The Given Companion
“How do you expect
to get to the end of your own journey
if you take the road
to another man’s city?”
Thomas Merton said.
I imagine that he also asked:
“And how will you build your home there
if you reject the given companions
who come to you with the right gifts
and the necessary tools?”
I imagine that I ask these questions
of myself and others
when we confront hard choices
and are tempted to prefer the congenial, the beautiful,
and the easy-to-love.
“How can I, how can you, my friend,
tell the end of our stories
if we refuse to live the middle?”
Cherry Winkle Moore
The story behind this poem:
I had heard the phrase “given companion” and knew it would fit somewhere sometime. I knew it described my children. I didn’t special order either one of them but they were the children who arrived, who were “given.”
When I was sitting in a doctor’s office one day, I picked up a women’s magazine and started reading one of those “My Problem and How I Solved It” articles. The young female writer shared about finding out that her unborn child had a genetic problem. She “realized” that a child who was disabled would upset her career plans and make life difficult for her and her husband and her eight-year-old daughter. This unborn child was her “problem”. The rest of the article was about how she found a family to adopt her baby as soon as it was born so her life could go on without that burden.
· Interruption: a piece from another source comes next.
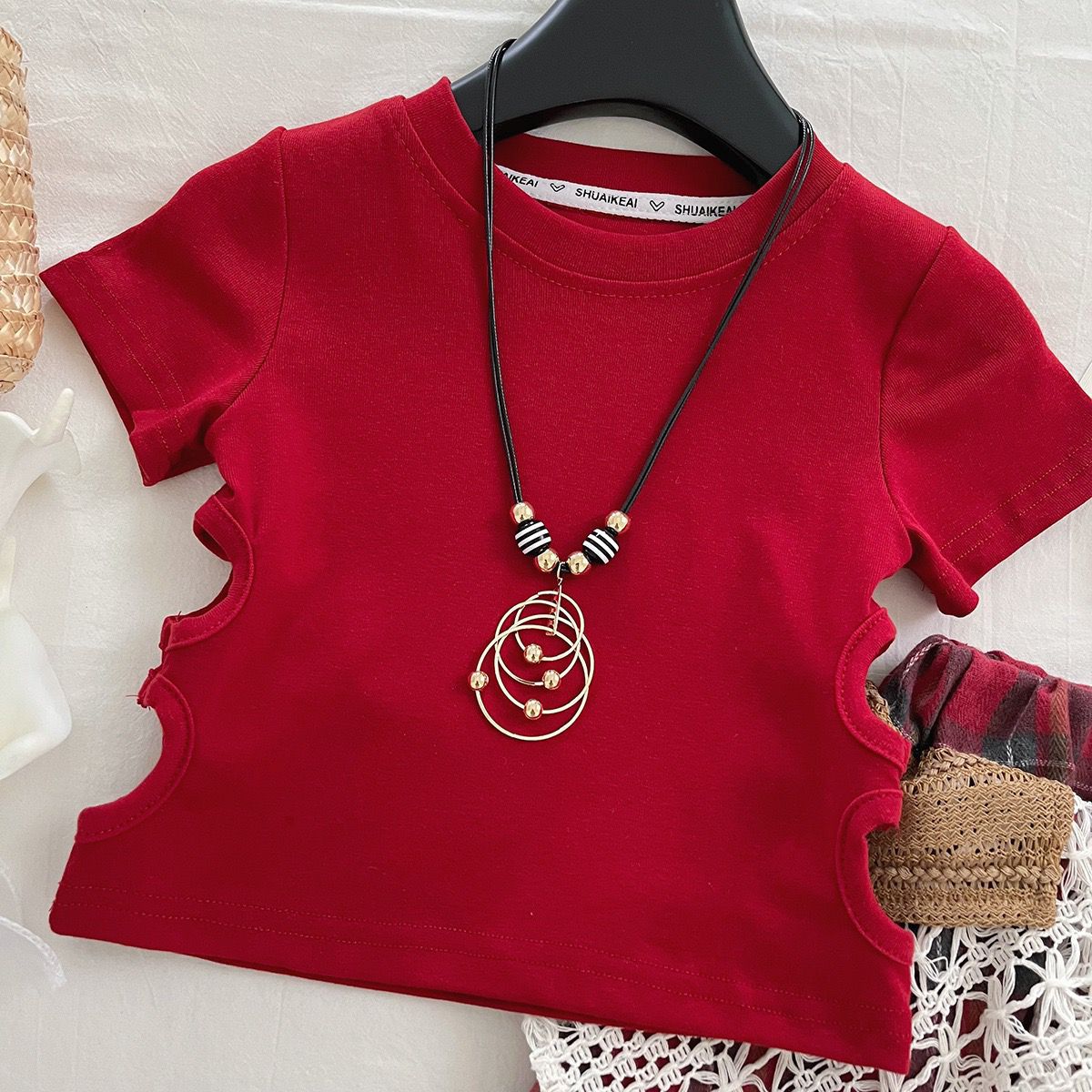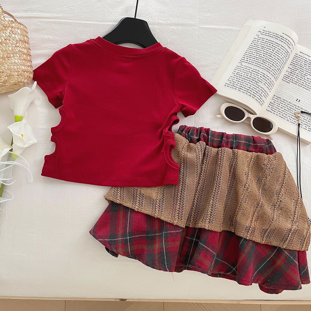 2025 년 여름 소녀 세트 리키 허리 반팔 티셔츠 레이스 격자 무늬 스커트 아기 소녀 민족 스타일 투피스 세트

I thought I was waiting to talk with this doctor about one problem but by the time I saw the doctor I had another one. I was livid. I couldn’t imagine a woman feeling this way or a magazine publishing such a story. My heart was breaking because Lew was living away from me and here was a woman who gave her child away. The poem came a little while later as I wondered how she would ever be able to “tell the end of her story” having made this choice in the middle of it. I have wondered how the other daughter turned out knowing she had a sister who was thrown away for the family’s convenience.
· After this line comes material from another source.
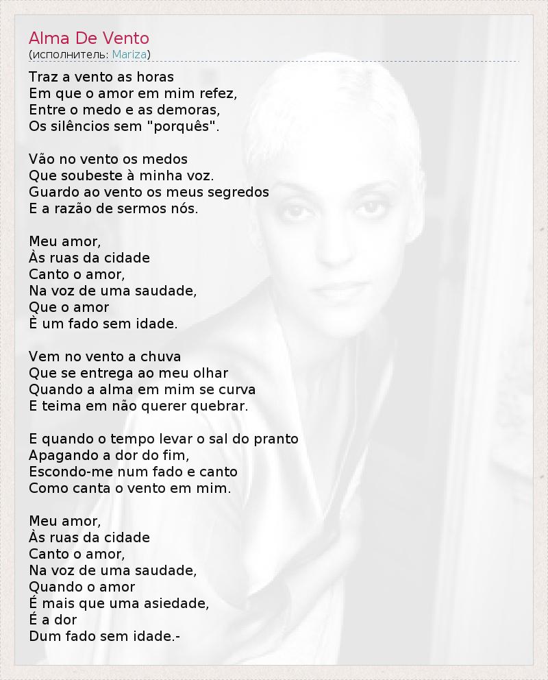 Traz a vento as horas Em que o amor em mim refez, Entre o medo e as demoras, Os silêncios sem "porquês". Vão no vento os medos Que soubeste à minha voz. Guardo ao vento os meus segredos E a razão de sermos nós. Meu amor, Às ruas da cidade Canto o amor, Na voz de uma saudade, Que o amor È um fado sem idade. Vem no vento a chuva Que se entrega ao meu olhar Quando a alma em mim se curva E teima em não querer quebrar. E quando o tempo levar o sal do pranto Apagando a dor do fim, Escondo-me num fado e canto Como canta o vento em mim. Meu amor, Às ruas da cidade Canto o amor, Na voz de uma saudade, Quando o amor É mais que uma asiedade, É a dor Dum fado sem idade.-

But mostly I thought about the ten years Lew lived at home with us and required total care. I am reminded of another article with a wonderful title: Family life as a spiritual discipline. The title was better than the article because the examples used didn’t apply to me but the concept helped me a lot. I was helped to see that caring for Lew wasn’t what I was doing instead of living my life — it was my life and sometimes I was able to experience caring for Lew as a means of grace.